**Data extract**
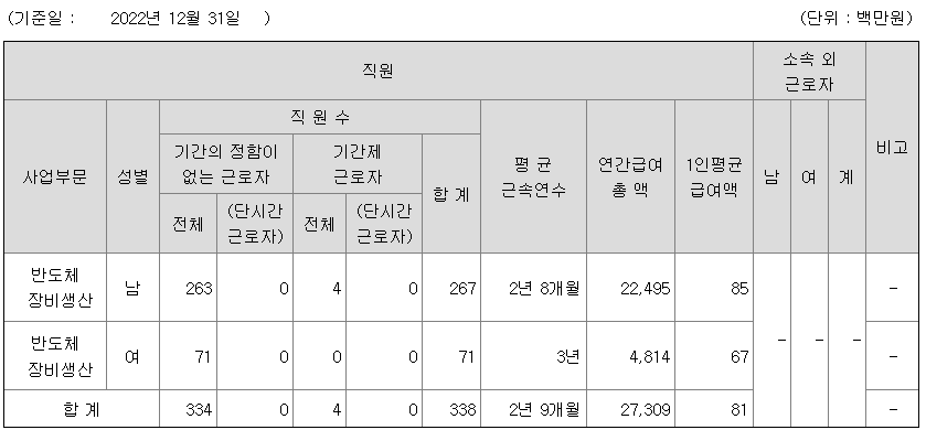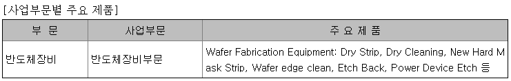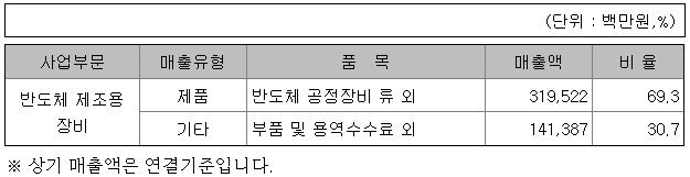 당사는 현재 반도체장비(전공정 장비) 사업을 영위하고 있으며, 단일 사업부문으로 그 현황을 기재하였습니다. 또한 종속회사의 주요사업이 반도체 장비 (전공정 장비)의 제조 및 이와 관련한 부품 및 원자재 제조, 판매, 기술서비스 법인으로 구성되어 있어 따로 구분하지 아니하였습니다.
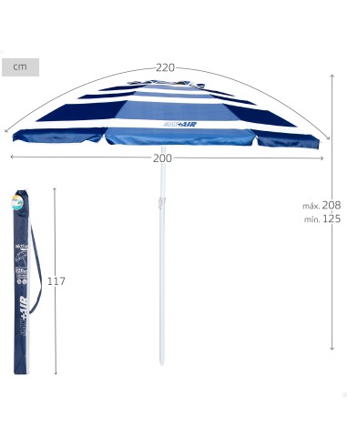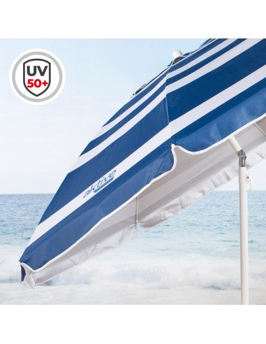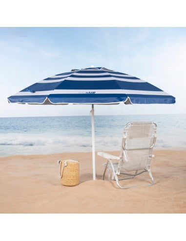 Σκέφτεστε να αντικαταστήσετε αυτή την φθαρμένη ομπρέλα που πάντα φυσάει όταν πηγαίνετε στην παραλία; Αυτό συμβαίνει πιο συχνά από το συνηθισμένο, και στο τέλος, περνάτε περισσότερο χρόνο τρέχοντας πίσω της ή κρατώντας την παρά απολαμβάνοντας μια ευχάριστη μέρα στην παραλία. Επομένως, για να κάνετε την επόμενη απόδρασή σας στην παραλία όσο το δυνατόν πιο ικανοποιητική, σας προτείνουμε να επιλέξετε αντιανεμικές ομπρέλες όπως αυτή ακριβώς μπροστά σας. Μια μεγάλη ομπρέλα θαλάσσης σχεδιασμένη με κορυφαίο αερισμό, έτσι ώστε τις μέρες με αέρα, ο αέρας να περνάει από το εσωτερικό και να βγαίνει από την οροφή χωρίς να τον φυσάει. Έχει επίσης μια ασημένια εσωτερική επίστρωση και αντηλιακή προστασία UV50 που βοηθά στη μείωση της θερμοκρασίας κάτω από την ομπρέλα. Μια ιδανική αντιανεμική ομπρέλα για αυτό το καλοκαίρι!
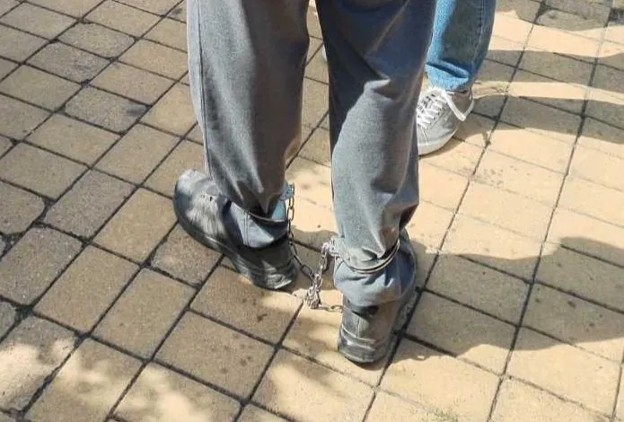 Slika jasno pokazuje Golubovića kako ide slobodno, bez fizičkih ograničenja, dok su u slučaju Jovičića lanci bili vidljivo stavljeni na noge.
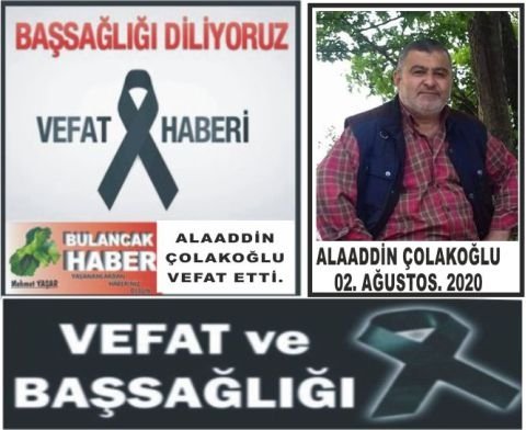 Hakkı Çolak'ın yeğeni, Bulancak Belediye personellerinden Yusuf Anapa’nın dayısı, Sahure, Sebahat ve ilçemiz esnaflarından Selahattin Çolakoğlu'nun kardeşleri Alaaddin Çolakoğlu vefat etti.
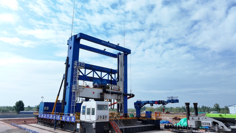 陶忽图煤矿北风井井筒钻进施工现场。(陈 彪 摄)
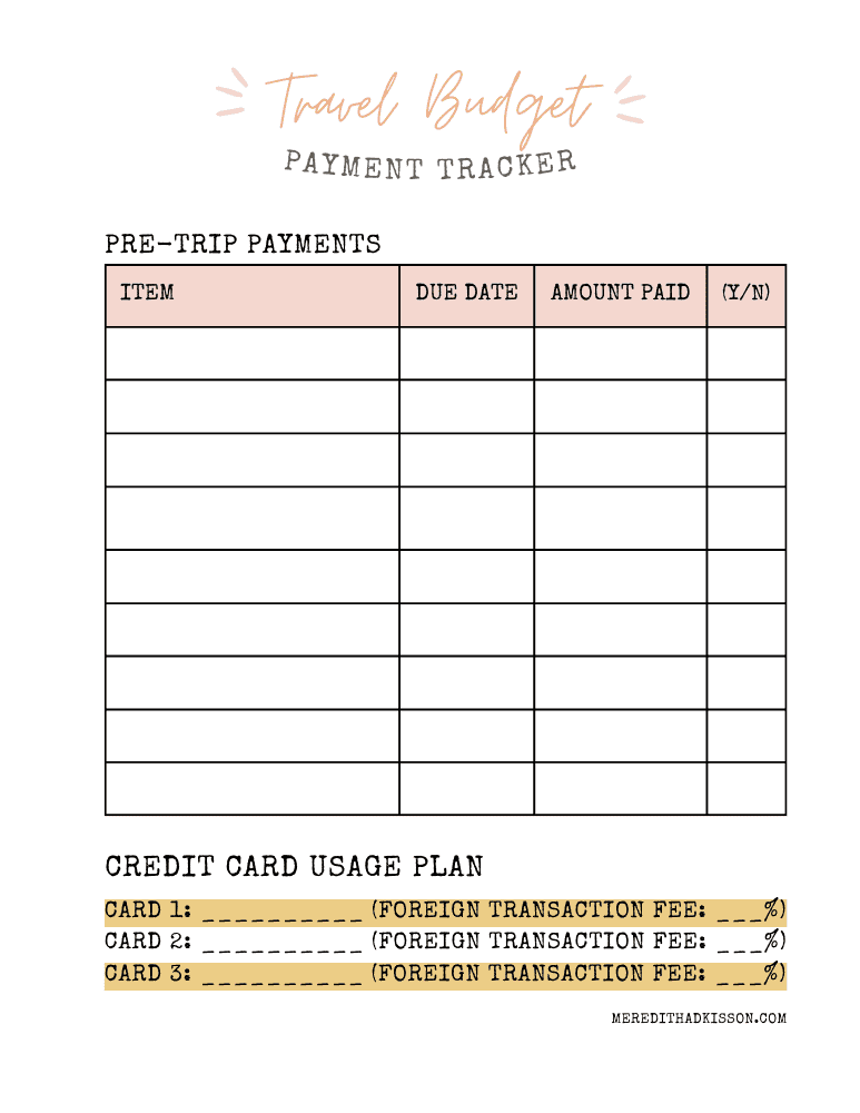 Keep track of all of your pre-trip charges, due dates, and payments on this page. You’ll also be able to note your credit card plan for your travels.
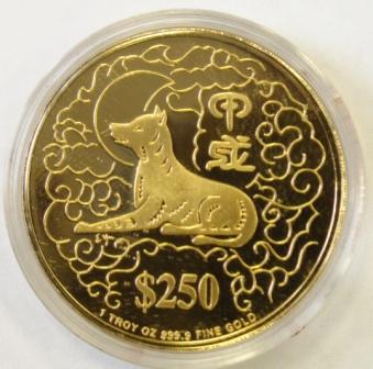 На реверсе золотой монеты - изображение собаки, номинал - 250 сингапурских долларов, вес и проба золота в монете (1 тройская унция - 31,1 г золота 9999 пробы).
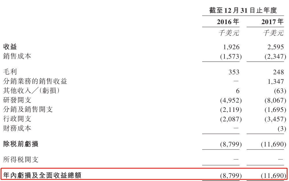 截至2017年12月31日止,公司年度收益为259.5万美元,同比增长35%;年度亏损及全面收益总额扩大86%至1169万美元。招股书显示,公司拟将集资所得将用作核心产品的持续研发及临床开发等。

**Problem**
The response must match the data line for line, from its first line through the line with "陶忽图煤矿北风井井筒钻进施工现场。(陈 彪 摄)", inclusive, and must leave out the pictures.

**Result below**
 당사는 현재 반도체장비(전공정 장비) 사업을 영위하고 있으며, 단일 사업부문으로 그 현황을 기재하였습니다. 또한 종속회사의 주요사업이 반도체 장비 (전공정 장비)의 제조 및 이와 관련한 부품 및 원자재 제조, 판매, 기술서비스 법인으로 구성되어 있어 따로 구분하지 아니하였습니다.
 Σκέφτεστε να αντικαταστήσετε αυτή την φθαρμένη ομπρέλα που πάντα φυσάει όταν πηγαίνετε στην παραλία; Αυτό συμβαίνει πιο συχνά από το συνηθισμένο, και στο τέλος, περνάτε περισσότερο χρόνο τρέχοντας πίσω της ή κρατώντας την παρά απολαμβάνοντας μια ευχάριστη μέρα στην παραλία. Επομένως, για να κάνετε την επόμενη απόδρασή σας στην παραλία όσο το δυνατόν πιο ικανοποιητική, σας προτείνουμε να επιλέξετε αντιανεμικές ομπρέλες όπως αυτή ακριβώς μπροστά σας. Μια μεγάλη ομπρέλα θαλάσσης σχεδιασμένη με κορυφαίο αερισμό, έτσι ώστε τις μέρες με αέρα, ο αέρας να περνάει από το εσωτερικό και να βγαίνει από την οροφή χωρίς να τον φυσάει. Έχει επίσης μια ασημένια εσωτερική επίστρωση και αντηλιακή προστασία UV50 που βοηθά στη μείωση της θερμοκρασίας κάτω από την ομπρέλα. Μια ιδανική αντιανεμική ομπρέλα για αυτό το καλοκαίρι!
 Slika jasno pokazuje Golubovića kako ide slobodno, bez fizičkih ograničenja, dok su u slučaju Jovičića lanci bili vidljivo stavljeni na noge.
 Hakkı Çolak'ın yeğeni, Bulancak Belediye personellerinden Yusuf Anapa’nın dayısı, Sahure, Sebahat ve ilçemiz esnaflarından Selahattin Çolakoğlu'nun kardeşleri Alaaddin Çolakoğlu vefat etti.
 陶忽图煤矿北风井井筒钻进施工现场。(陈 彪 摄)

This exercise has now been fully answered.